Patterns of exon-intron architecture variation of genes in eukaryotic genomes

Abstract

Background: The origin and importance of exon-intron architecture comprises one of the remaining mysteries of gene evolution. Several studies have investigated the variations of intron length, GC content, ordinal position in a gene and divergence. However, there is little study about the structural variation of exons and introns.

Results: We investigated the length, GC content, ordinal position and divergence in both exons and introns of 13 eukaryotic genomes, representing plant and animal. Our analyses revealed that three basic patterns of exon-intron variation were present in nearly all analyzed genomes (P < 0.001 in most cases): an ordinal reduction of length and divergence in both exon and intron, a co-variation between exon and its flanking introns in their length, GC content and divergence, and a decrease of average exon (or intron) length, GC content and divergence as the total exon numbers of a gene increased. In addition, we observed that the shorter introns had either low or high GC content, and the GC content of long introns was intermediate.

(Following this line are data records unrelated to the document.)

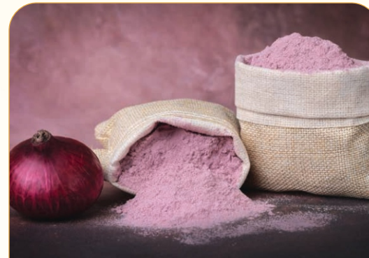
Red Onion Powder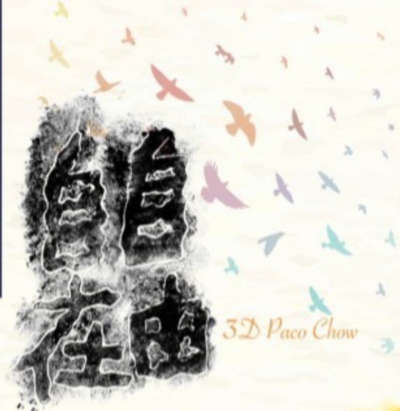
3D Paco Chow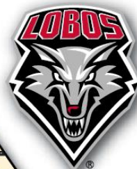
UNIVERSITY OF NEW MEXICO ATHLETIC EVENT PARKING GRID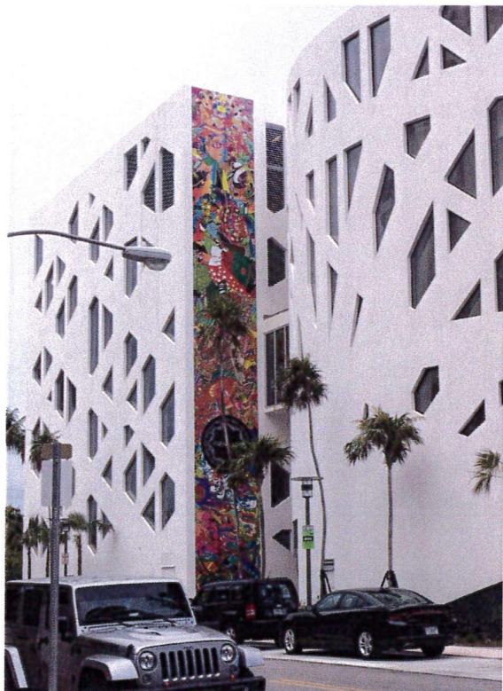
Currently installed banner, 2017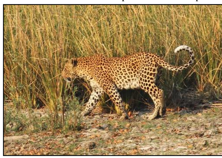
Leopard

Riverside vegetation around the pontoon over the Lubungu River delivered a small flock of Brown Firefinch, the emerald-green Klaas's Cuckoo, a Grey Tit-Flycatcher singing its almost inaudible song, White-browed Scrub Robin, Ashy Flycatcher, Brubru, and some flushed Water Thick-knees. We arrived at our lodge with enough time to spare for a late afternoon walk, followed by a quick drive.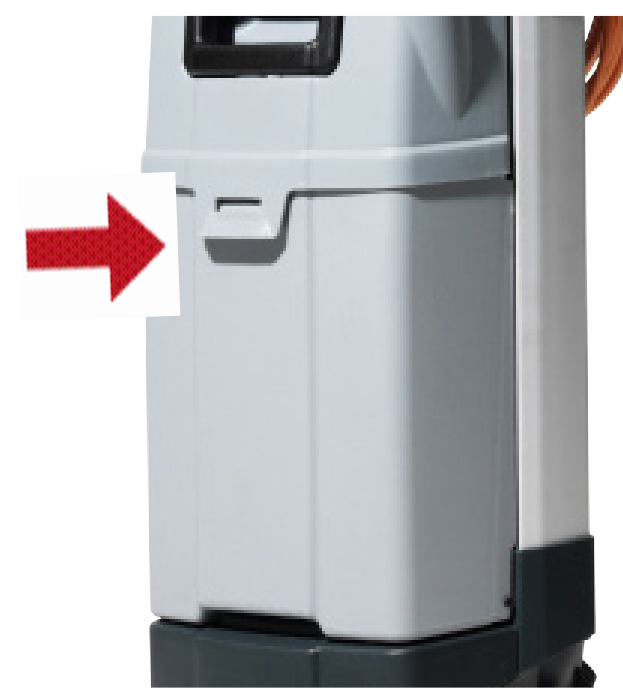
1. Check if the recovery tank is full.

Conclusion: Although the factors contributing to these patterns have not been identified, our results provide three important clues: common factor(s) exist and may shape both exons and introns; the ordinal reduction patterns may reflect a time-orderly evolution; and the larger first and last exons may be splicing-required. These clues provide a framework for elucidating mechanisms involved in the organization of eukaryotic genomes and particularly in building exon-intron structures.

Figure 1

Variation patterns of introns' length, as a function of GC content. Each dot contains 1000 introns (A-D). The species in A-C were grouped based on ranges of intron lengths, e.g., up to 16000 bp for mammals. L1, L2, H1, H2 and H3 in D represent five GC-isochore families in human genome [22] which are different in GC content (0~0.37, 0.37~0.41, 0.41~0.46, 0.46~0.53, 0.53~1, respectively). Genes that cover two or more family regions were excluded in D. The x-axis scale in A – D is based on the actual GC content in different genomes.

Figure 2

Variation patterns of intron (A) or exon length (B), as a function of its ordinal number. Only introns or exons with ordinal numbers ≤ 40 were shown in the figures; each dot contains > 1000 samples.

Figure 3

Variation patterns of exon GC content, as a function of flanking intron GC content (A~D), and exon length, as a function of flanking logarithmical intron length (E~H). Each dot contains 1000 introns and 1000 exons (1000 left exons flanking the corresponding introns). Introns used in E~H are > 100 bp.

Figure 4

Correlation between nucleotide divergence (or exon's Ka) and ordinal position of introns (A & B) or of exons (C & D) and between intron and flanking exon divergence (or Ka) (E & F). The left panel shows the results from the comparison between human and chimpanzee, and the right panel shows the comparison between two rice lines.

Figure 5

Correlations between the length and intron (A) or exon (B) count, between GC content and intron (C) or exon (D) count and between the nucleotide divergence and intron (E) or exon (F) count. The number (count) in the horizontal axis stands for the 1, 2-,..., 9 and 10-intron (or -exon) genes.